Bacharach fue llamado para componer para el cine, tanto temas (My Litttle Red Book para What’s on Pussycat), como bandas sonoras enteras (Casino Royale). Aun así, su contribución más célebre fue Raindrops Keep Fallen’on My Head de la película Butch Cassidy and the Sundance Kid, aquí traducida como Dos hombres y un destino, con unos esplendorosos Robert Redford y Paul Newman. La canción Alfie, con música de Bacharach y letra de David, también se puede escuchar en la película homónima británica, y también el tema de Arthur.

Durante 20 años el trío musical que constituían Bacharach, el letrista Hal David y la cantante Dionne Warwick fue imbatible.

Además de los nombres citados, la lista de intérpretes que han cantado sus melodías es el gotha del jazz y el pop. De Aretha Franklin a Dusty Springfield, de Perry Como a Tom Jones, de Wes Montgomery a Herb Alpert and the Tijuana Brass, Isaac Hayes, Roberta Flack, Neil Diamond, Patti LaBelle, Sheryl Crow y un largo etcétera.

 

El malestar

Con su música, el compositor no había manifestado nunca sus opiniones políticas ni había tenido un interés explícito por cuestiones sociales. Esto cambió en 2005 con el álbum At this time, ganador de un Grammy. «Toda mi vida he escrito canciones de amor y me he mantenido apolítico.
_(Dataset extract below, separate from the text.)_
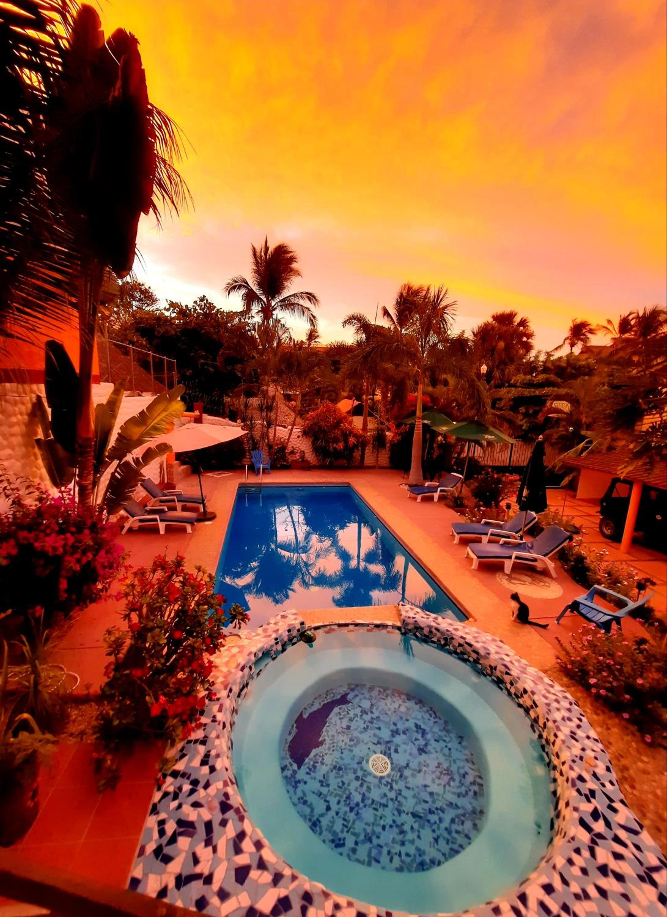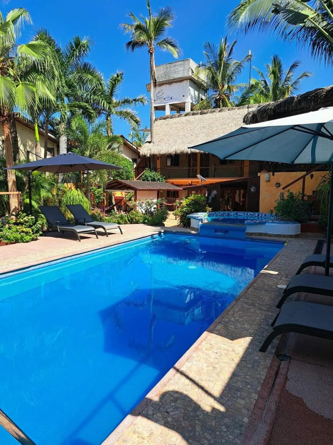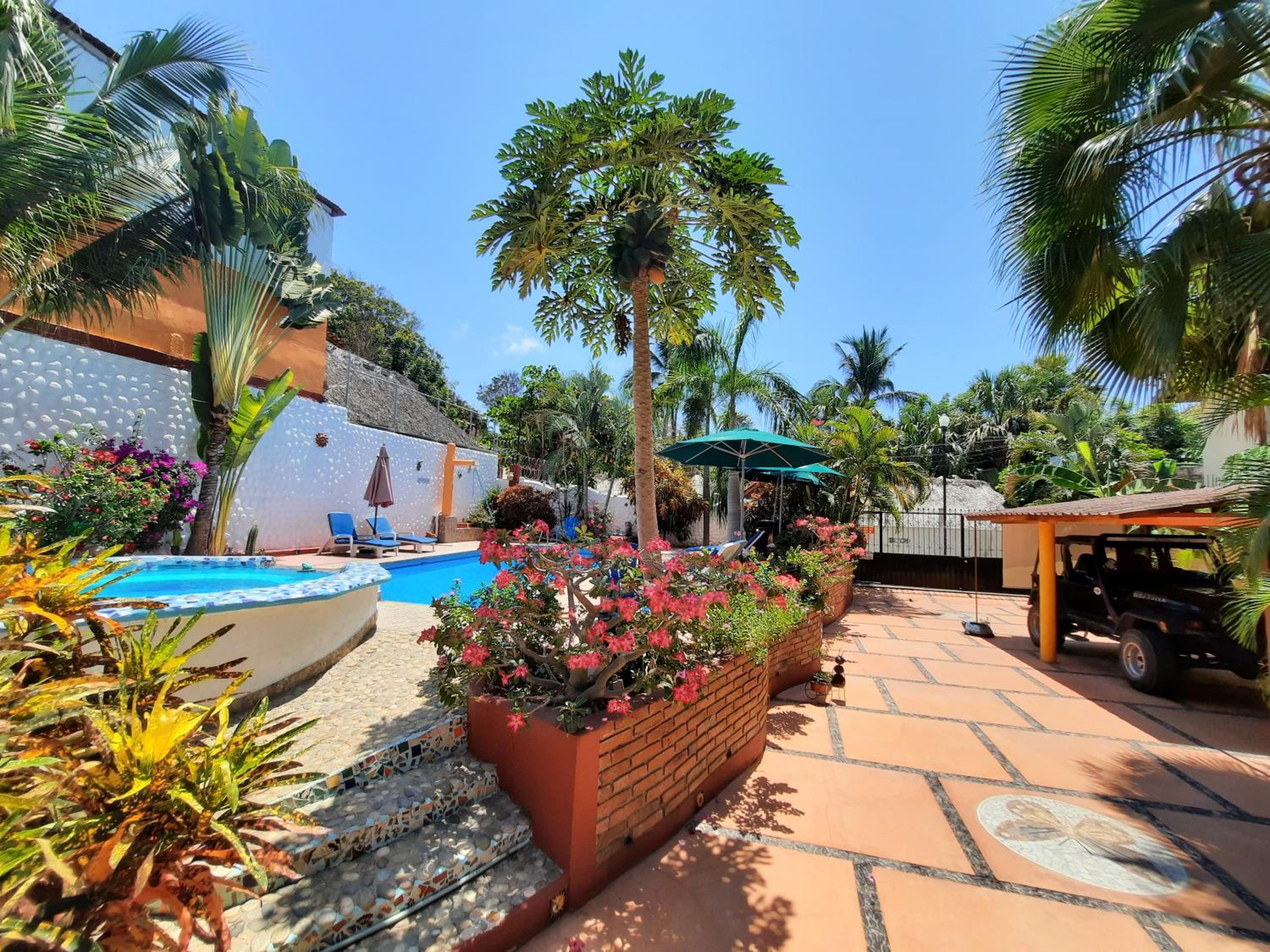 Hotelito Swiss Oasis offers a tranquil escape surrounded by lush tropical gardens just steps away from Playa Zicatela Beach.

Algo debe querer decir que de repente tenga una fuerte sensación de malestar con el estado del mundo y con lo que nuestra Administración está haciendo», explicó. Lo que la administración de George W. Bush estaba haciendo en aquellos años era la guerra de Irak después de haber invadido aquel país con la excusa de la existencia de armas de destrucción masiva, excusa que resultó del todo falsa.

En 2016 recibió el encargo de hacer la banda sonora de la película A boy called Po sobre un chico autista. Dedicó el tema Dancing with your shadow a la memoria de Nikki, una hija suya que había sufrido el síndrome de Asperger, pero sin ser diagnosticada, y se suicidó cuando tenía 40 años. En 2018, cuando publicó la canción Live to see another day dio los beneficios a las familias de las víctimas de la masacre de la Escuela Primaria de Sandy Hook en la cual un joven de 20 años asesinó a veinte niños y seis adultos en 2012. Aquel mismo año, él y David recibieron de manos del presidente Barack Obama el premio Gershwin por su legado musical.

Bacharach se casó cuatro veces, una de ellas con la actriz Angie Dickinson y otra con la letrista Carole Bayer Sager, autora entre otras de On My Own. Bien plantado, siempre bronceado y sonriente, le llamaban el playboy del mundo occidental. En sus memorias, Dietrich decía que durante los años en que habían trabajado juntos se sentía en la gloria y añadía que, como hombre, era la personificación de todo lo que una mujer puede desear.